Keyword field type
Introduced 1.0
A keyword field type contains a string that is not analyzed. It allows only exact, case-sensitive matches.
By default, keyword fields are both indexed (because index
is enabled) and stored on disk (because doc_values
is enabled). To reduce disk space, you can specify not to index keyword fields by setting index
to false
.
If you need to use a field for full-text search, map it as text
instead.
Example
The following query creates a mapping with a keyword field. Setting index
to false
specifies to store the genre
field on disk and to retrieve it using doc_values
:
PUT movies
{
"mappings" : {
"properties" : {
"genre" : {
"type" : "keyword",
"index" : false
}
}
}
}
Parameters
The following table lists the parameters accepted by keyword field types. All parameters are optional.
Parameter | Description |
---|---|
boost | A floating-point value that specifies the weight of this field toward the relevance score. Values above 1.0 increase the field’s relevance. Values between 0.0 and 1.0 decrease the field’s relevance. Default is 1.0. |
doc_values | A Boolean value that specifies whether the field should be stored on disk so that it can be used for aggregations, sorting, or scripting. Default is true . |
eager_global_ordinals | Specifies whether global ordinals should be loaded eagerly on refresh. If the field is often used for aggregations, this parameter should be set to true . Default is false . |
fields | To index the same string in several ways (for example, as a keyword and text), provide the fields parameter. You can specify one version of the field to be used for search and another to be used for sorting and aggregations. |
ignore_above | Any string longer than this integer value should not be indexed. Default is 2147483647. Default dynamic mapping creates a keyword subfield for which ignore_above is set to 256. |
index | A Boolean value that specifies whether the field should be searchable. Default is true . To reduce disk space, set index to false . |
index_options | Information to be stored in the index that will be considered when calculating relevance scores. Can be set to freqs for term frequency. Default is docs . |
meta | Accepts metadata for this field. |
normalizer | Specifies how to preprocess this field before indexing (for example, make it lowercase). Default is null (no preprocessing). |
norms | A Boolean value that specifies whether the field length should be used when calculating relevance scores. Default is false . |
null_value | A value to be used in place of null . Must be of the same type as the field. If this parameter is not specified, the field is treated as missing when its value is null . Default is null . |
similarity | The ranking algorithm for calculating relevance scores. Default is the index’s similarity setting (by default, BM25 ). |
use_similarity | Determines whether to calculate relevance scores. Default is false , which uses constant_score for faster queries. Setting this parameter to true enables scoring but may increase search latency. See The use_similarity parameter . |
split_queries_on_whitespace | A Boolean value that specifies whether full-text queries should be split on white space. Default is false . |
store | A Boolean value that specifies whether the field value should be stored and can be retrieved separately from the _source field. Default is false . |
The use_similarity parameter
The use_similarity
parameter controls whether OpenSearch calculates relevance scores when querying a keyword
field. By default, it is set to false
, which improves performance by using constant_score
. Setting it to true
enables scoring based on the configured similarity algorithm (typically, BM25) but may increase query latency.

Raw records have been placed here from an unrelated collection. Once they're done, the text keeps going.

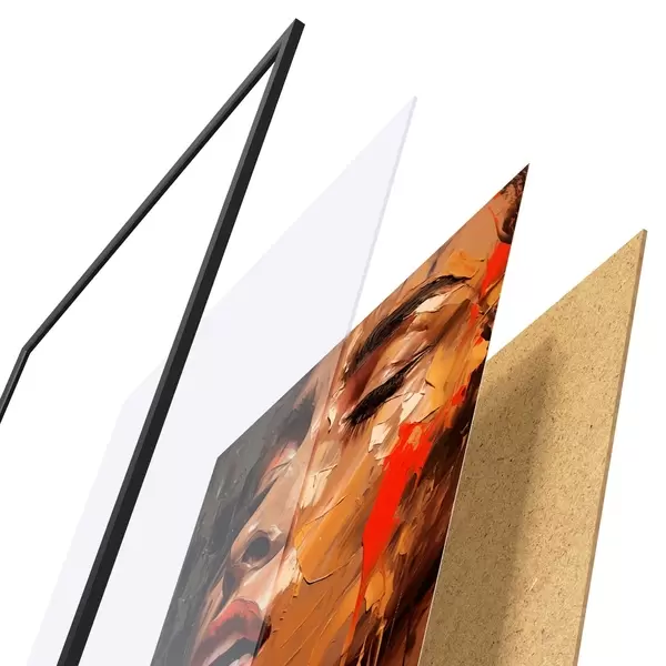 Plakát se skládá z rámu, plexiskla, tištěného obrazu a dřevotřískového podkladu. Díky úchytům na zadní straně lze plakát ihned zavěsit na zeď.
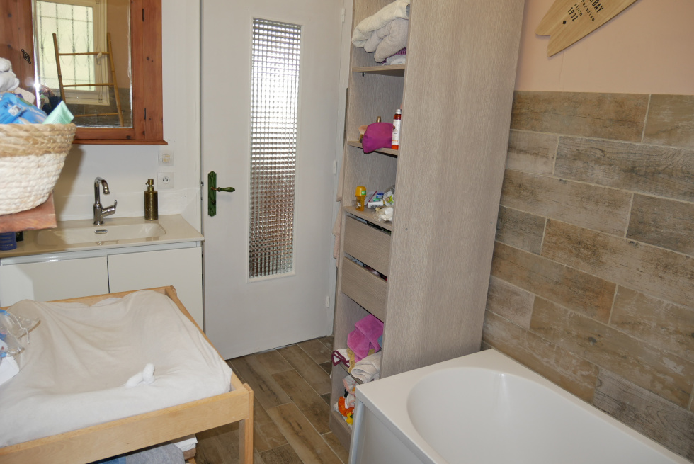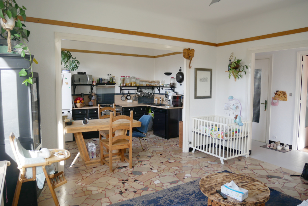 Découvrez cette agréable maison mitoyenne d’un côté de 80 m² hab, élevée sur sous-sol complet, offrant un cadre de vie fonctionnel et confortable. Au 1er étage, vous trouverez un hall d’entrée desservant une belle pièce de vie lumineuse avec cuisine équipée ouverte sur le séjour, trois chambres, une salle de bains comprenant baignoire et douche, ainsi qu’un WC indépendant. Le sous-sol complet propose de beaux espaces annexes : un garage, un bureau ou pièce de rangement, une cave et une chaufferie. L’ensemble est implanté sur un terrain de 1 088 m², offrant un bel espace extérieur.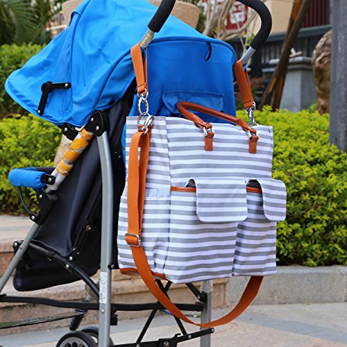 and includes 2 stroller hooks and 1 long strap, providing multiple carrying options and maximizing comfort. Complete with diaper bag inserts like a changing mat, bottle holder it makes time with your baby that much more enjoyable.
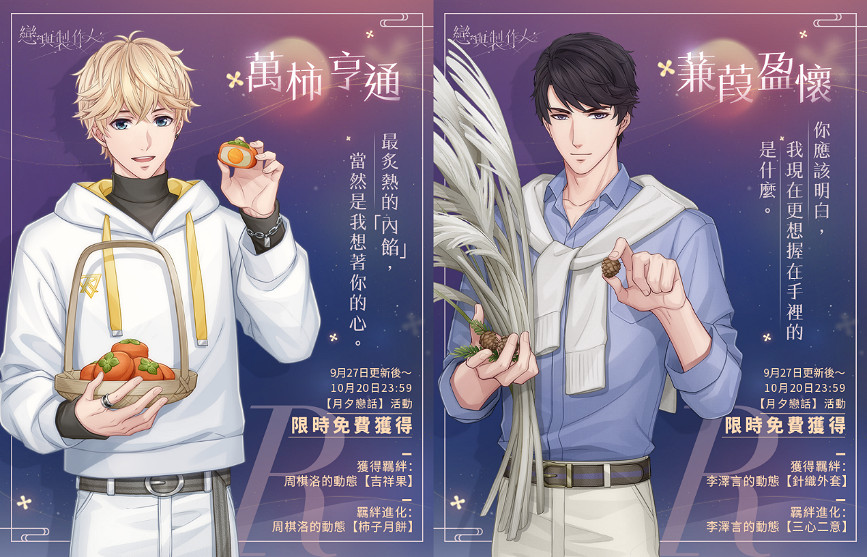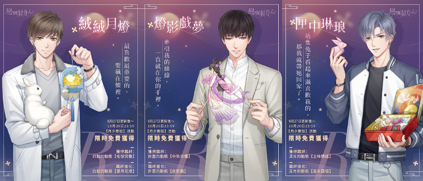 中秋月圓人團圓,在這個相聚的節日,和心愛的「他」共度佳節!9月29日至10月1日止,《戀與製作人》推出眾多中秋節日福利,活動期間內,玩家登入遊戲即可收到「他」的中秋登入問候、訊息與鑽石好禮,共可獲得「鑽石*500」。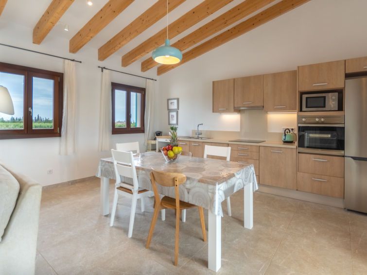 Very good accommodation (kitchen, pool with loungers, bathroom, bedrooms – everything is there) – located close to the town of Inca (a 10-minute drive to the supermarket), yet quiet. Everything is well-maintained, and if you need anything, you can contact the owners at any time. Car required.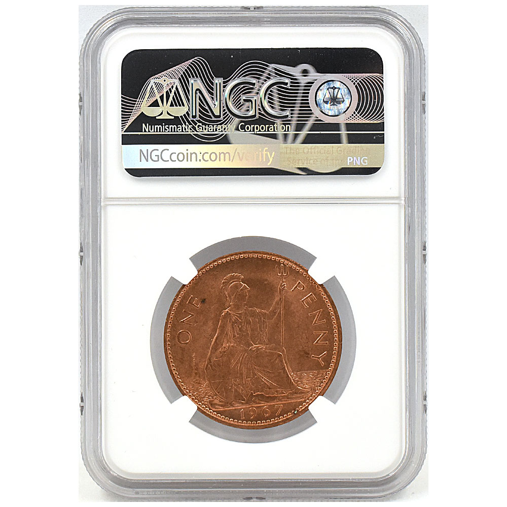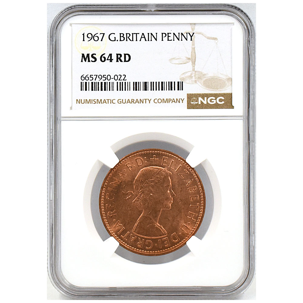 イギリス 1967 エリザベス2世 ペニー 銅貨 NGC MS64RD ブリタニア 6657950022

Run a term query on the index for which use_similarity
is disabled (default):
GET /big5/_search
{
"size": 3,
"explain": false,
"query": {
"term": {
"process.name": "kernel"
}
},
"_source": false
}
The query returns results quickly (10 ms), and all documents receive a constant relevance score of 1.0:
{
"took": 10,
"timed_out": false,
"_shards": {
"total": 1,
"successful": 1,
"skipped": 0,
"failed": 0
},
"hits": {
"total": {
"value": 10000,
"relation": "gte"
},
"max_score": 1,
"hits": [
{
"_index": "big5",
"_id": "xDoCtJQBE3c7bAfikzbk",
"_score": 1
},
{
"_index": "big5",
"_id": "xzoCtJQBE3c7bAfikzbk",
"_score": 1
},
{
"_index": "big5",
"_id": "yDoCtJQBE3c7bAfikzbk",
"_score": 1
}
]
}
}
To enable scoring using the default BM25 algorithm for the process.name
field, provide the use_similarity
parameter in the index mappings:
PUT /big5/_mapping
{
"properties": {
"process.name": {
"type": "keyword",
"use_similarity": true
}
}
}
When you run the same term query on the configured index, the query takes longer to run (200 ms), and the returned documents have varying relevance scores based on term frequency and other BM25 factors:
{
"took" : 200,
"timed_out" : false,
"_shards" : {
"total" : 1,
"successful" : 1,
"skipped" : 0,
"failed" : 0
},
"hits" : {
"total" : {
"value" : 10000,
"relation" : "gte"
},
"max_score" : 0.8844931,
"hits" : [
{
"_index" : "big5",
"_id" : "xDoCtJQBE3c7bAfikzbk",
"_score" : 0.8844931
},
{
"_index" : "big5",
"_id" : "xzoCtJQBE3c7bAfikzbk",
"_score" : 0.8844931
},
{
"_index" : "big5",
"_id" : "yDoCtJQBE3c7bAfikzbk",
"_score" : 0.8844931
}
]
}
}